Bad idea! Figured the water clarity would improve as we got deeper but that never happened. We got to bottom and I stood on the wreck with horrible visibility not even a few feet. I didnt even feel comfortable looking for my anchor that I believed was on the wreck.. 

Well we came up and i dropped my damn sling spear at the boat! Doh! about 40 bucks at the bottom now!! Icing on the cake I cant even get my anchor off the wreck with 20 ft of chain and lost about 100 feet of rope if not more.. Wishing I had bought me a damn wreck anchor but live in learn!

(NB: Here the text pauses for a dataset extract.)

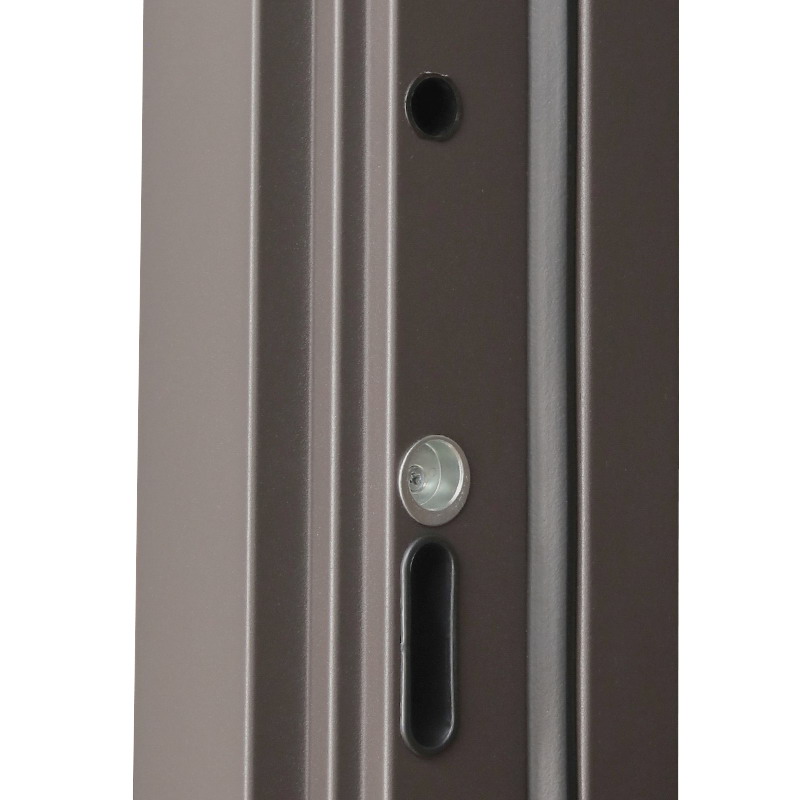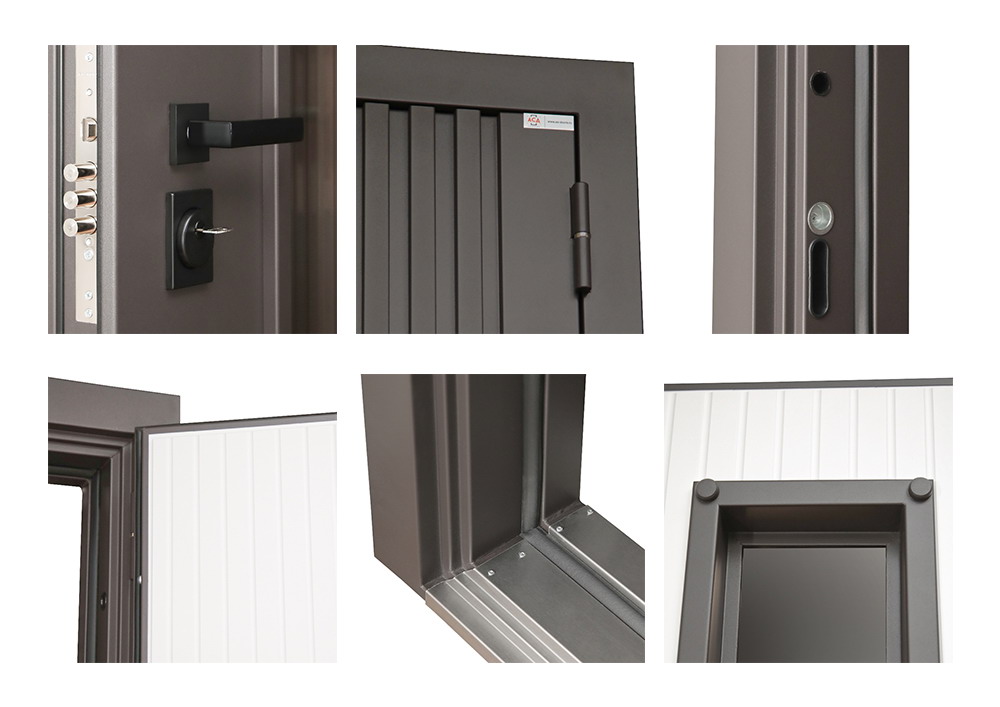 Дополнительно: Евроцилиндр К-В перфокарта. Броненакладка врезная. Штырь противосъемный (3 шт). Порог из нержавеющей стали (цвет «хром»).

Anyhow.. Feel free to gather my gear and keep it if you really need it.. However I am so disappointed and annoyed with myself. I will not be getting back my self but if anyone retrieves my stuff and wants to help.. please Call me 850.377.5787. I am willing to compensate with money for the help! :thumbup:


----------



## Firefishvideo (Jul 1, 2010)

That sucks! ....I've found that the liberty ship "meeks" usually has worse viz than anything near it...as it seems to sit in a hole, and seems to collect any bad stuff that is floating around and hold it. I have been there many times and not been able to see more than a couple of feet.:thumbdown: Sorry about your gear.


----------



## Addict'd (May 17, 2009)

Dove the liberty ship for the first time on the 20th, your anchor, chain and rope is sitting right inside the center of the hull. And you aren't kidding, the vis is terrible out there right now (all the jellies dont help either). Good luck


----------